Before I explain the new script, let me explain how the old script worked (source). First, the script would clone MediaWiki core, extensions, skins, and vendor for you. Except it wanted one directory per version being released, so if you wanted to do a security release for 4 MediaWiki versions, then you'd need to have MediaWiki core cloned 4 times! Oh, but since we need to make patch files against the previous release, it'll need to recreate those tarballs (a separate problem), so you now have 8 clones of MediaWiki core. Ouch.

Then comes security patches. These patches are not yet published on Gerrit, and currently only exist as git patch files. The old script required these be in a patches directory, but in a specific naming pattern so the script would know which branch they should be applied to. Mostly this confused releasers and wasn't straightforward.

There were definitely other issues with the old script, but those two were the main motivation for me at least.

Enter makerelease2.py (inital commit). The theory behind this script is to simply archive whatever exists in git. We added the bundled extensions and skins plus vendor as submodules, so we did not have to maintain separate configuration on which extensions should be bundled for which MediaWiki version. This also had the added benefit of making the build more reproducible, as each tag now has a pointer to specific extension commits instead of always using the tip of the release branch.

Excluded files can be maintained with .gitattributes rather than by the release script (yet another plus for reproducibility, maybe you can see a pattern :)).

If you're not already familiar, there's a git-archive command, which creates tarballs (or zipballs) based on what is in your repository. Notably, GitHub uses this for their "Download tarball/zipball" feature.

There's only one drawback - git-archive doesn't support submodules. Luckily other people have also run into this limitation, and Kentzo on GitHub wrote a library for this: git-archive-all. It respects .gitattributes, and had nearly all the features we needed. It was missing the ability to unset git attributes, which I submitted a pull request for, and Kentzo fixed up and merged!

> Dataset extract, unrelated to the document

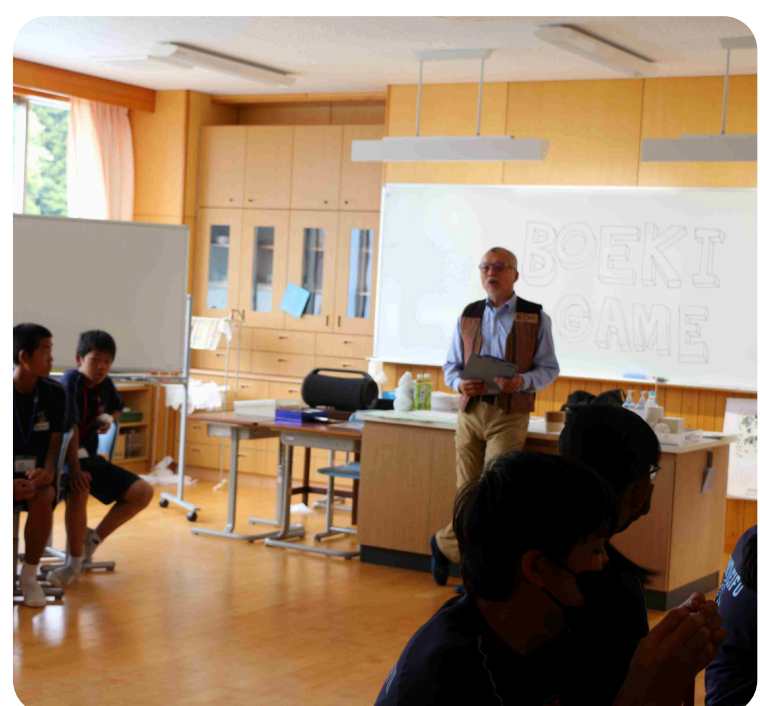
国際理解ワークショップ

So, running the new script: ./makerelease2.py ~/path/to/mw-core 1.31.1. This will spit out two tarballs, one of the mediawiki-core variant (no extensions or skins bundled), and the full mediawiki tarball. You can create a tarball of whatever you want, a tag, branch, a specific commit, etc., and it'll run. Additional checks will kick in if it is a tag, notably that it will verify that $wgVersion matches the tag you're trying to make.

To create a security release, you take a fresh clone of MediaWiki core, apply the security patches to the git tree, and create the new tags. Using the native git tools makes it straightforward to apply the patches, and then once the release has been announced, it can easily be pushed to Gerrit.

If you pass --previous 1.31.0, then it will additionally create a patch file against the previous tarball that you specified. However, instead of trying to recreate that tarball if it doesn't exist, we download that tarball from releases.wikimedia.org. So regardless of any changes to the release scripts, the patch file will definitely apply to the previous tarball (this wasn't true in the past).

The following bugs were fixed by this rewrite:

What's next? This was really only step 1 in the "streamline MediaWiki releases" project. The next step (as outlined by Chad) is to continuously be generating tarballs, and then be generating secret tarballs that also include the current security patches. I don't think any of this is especially technically hard, it will mostly require process improvements with how we handle and manage security patches.